What about breathalyzer tests? We've limited the discussion here to blood tests, but of course the implied consent statute also covers any other chemical test, including breath tests. The breathalyzer is by far the most common method of testing for alcohol consumption. Can you make the same claim there -- that the police need a warrant, and that you have a constitutional right to refuse them?
Don't push your luck, Sparky. There's a big difference between blood draws and breath tests. At oral argument in McNeely, Roberts questioned McNeely's lawyer as to whether a warrant was required for a breathalyzer, and the lawyer responded that it probably was.
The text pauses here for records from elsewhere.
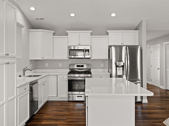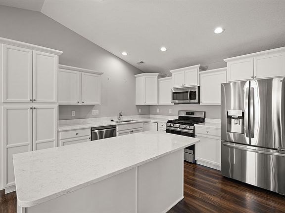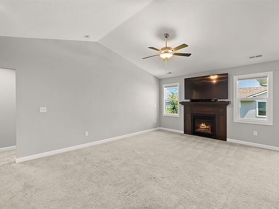 Cozy fireplaceOpen concept layoutStylish kitchenWalk-in closetMarble countertopsPrimary suiteStainless steel appliances
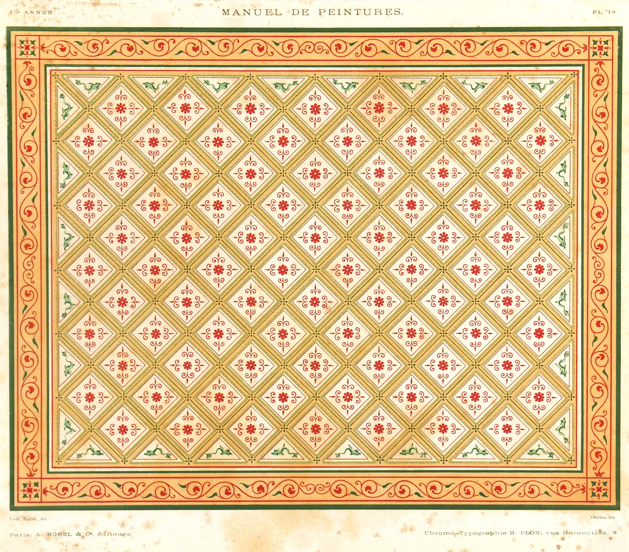 Colorful antique French chromolithograph of decorative elements for painters from Morel’s “Manuel des Peintures,” 1867.
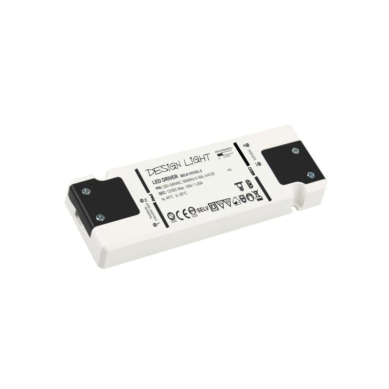 ZASILACZ do LED 15 W zasilany jest napięciem przemiennym o wartości 220–240V ~ 50 Hz. Obniża napięcie wyjściowe do 12V DC. Zamknięty jest w obudowie izolacyjnej z tworzywa sztucznego w kolorze biało-czarnym.

This was too much for Scalia, who would eventually vote with the majority; he suggested that what was reasonable for "sticking a needle in your arm is not necessarily reasonable for asking you to blow up a balloon."
What you need to know. Forced warrantless blood draws are out, unless the police can show an exigency. The implied consent law, to the extent that it permits that, is dead. The question of whether penalties can be imposed for refusing to submit to a blood draw is up in the air. There's no problem, though, with implied consent laws as they pertain to breath tests.
Warning! Gory legal analysis! There's an argument that McNeely isn't that big a deal. It didn't really establish anything new; the fact that a blood draw had 4th Amendment implications was established in Schmerber, and was assumed in McNeely; the latter decision dealt only with the question of whether a warrant was needed. That's the biggest handicap to extending McNeely beyond the proposition that the police will sometimes need to get a warrant to conduct a blood draw. All the arguments mentioned above -- whether your refusal can be used against you, whether your "consent" is really valid, whether enhanced penalties can be implied for your failure to consent -- have been made over the years and consistently rejected.
But you've got some openings here. Sotomayor completely failed to grasp the implications of the logic of the decision on other aspects of implied consent laws. As I mentioned, the key Ohio case here, the Supreme Court's decision in Hoover, was based on a notion which McNeely specifically rejects. Your argument should be that McNeely wiped out Hoover and Ohio's other precedents on the issue, and we start from scratch. There are some good arguments to be made here, and the biggest barrier to making them was that they'd been shot down before. If you've got a case involving a blood draw, you need to take a hard look at McNeely.